### [Supplied material]
*** Block opens ***

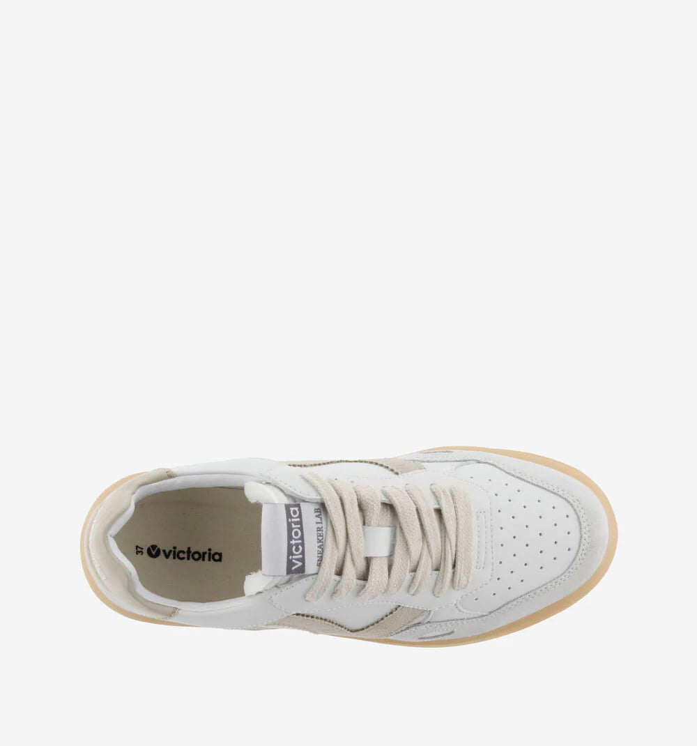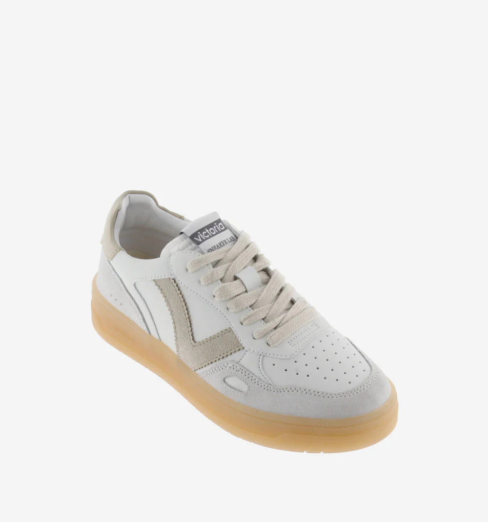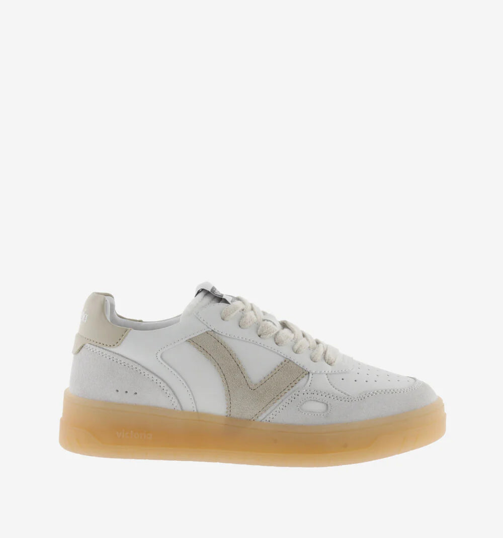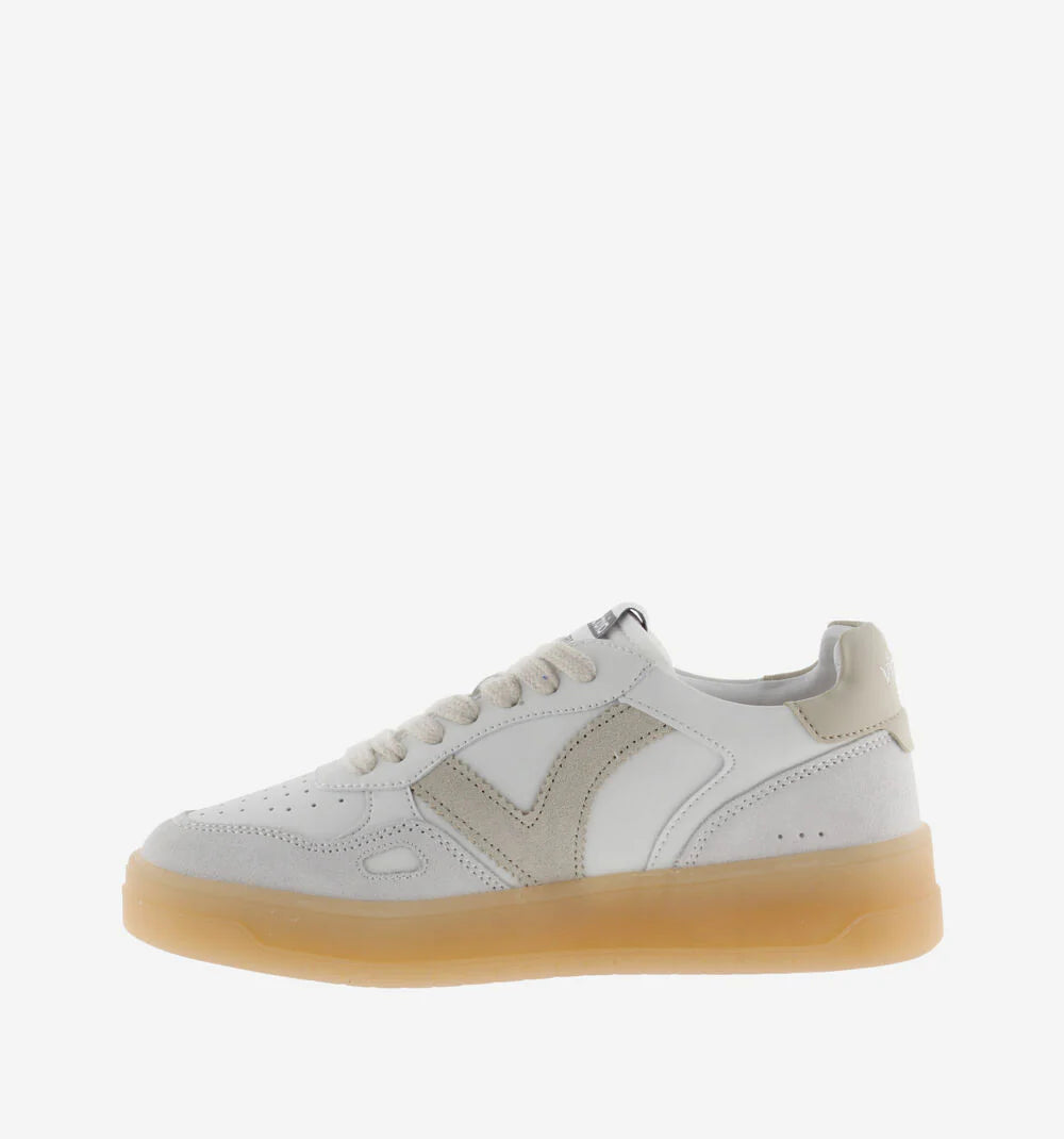 SEUL unisex sports trainers made in leather effect material and split leather pieces. Coloured details on the side V, back piece and laces. Translucent 3 cm caramel-coloured sole, which adds an elegant and different touch. They also include an additional padded insole for improved comfort.
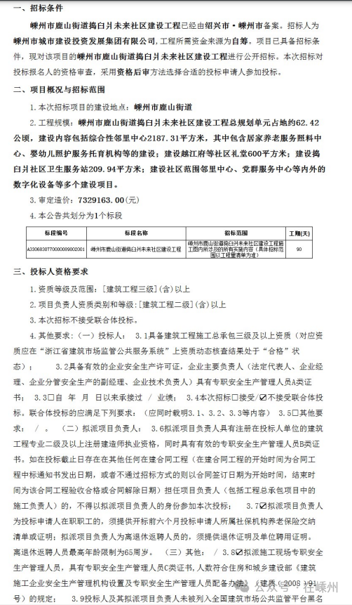 嵊州市鹿山街道搗臼爿未來社區(qū)建設(shè)工程施工招標(biāo)公告
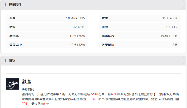 先来看一下属性面板实力真的是一点都不含糊。基础生命值会达到10,649,并且还会额外的增加3315,续航的底子还是很扎实的。攻击力是1135,加上509的加成,输出的能力很不错。防御力是612,并且还会有211的增幅,并不算特别的脆。速度是120,加上15出手的节奏也是比较舒服的。暴击属性也会很亮眼,基础暴击率10%+20%的加成暴击伤害是150%加上12%。在打控制还有爆发时都会很有保障。

*** Block closes ***

### [Problem details]
Write out exactly the lines from the one that contains "嵊州市鹿山街道搗臼爿未來社區(qū)建設(shè)工程施工招標(biāo)公告" through the last line of the data above, both included. Leave every picture out.

### [Solution]
 嵊州市鹿山街道搗臼爿未來社區(qū)建設(shè)工程施工招標(biāo)公告
 先来看一下属性面板实力真的是一点都不含糊。基础生命值会达到10,649,并且还会额外的增加3315,续航的底子还是很扎实的。攻击力是1135,加上509的加成,输出的能力很不错。防御力是612,并且还会有211的增幅,并不算特别的脆。速度是120,加上15出手的节奏也是比较舒服的。暴击属性也会很亮眼,基础暴击率10%+20%的加成暴击伤害是150%加上12%。在打控制还有爆发时都会很有保障。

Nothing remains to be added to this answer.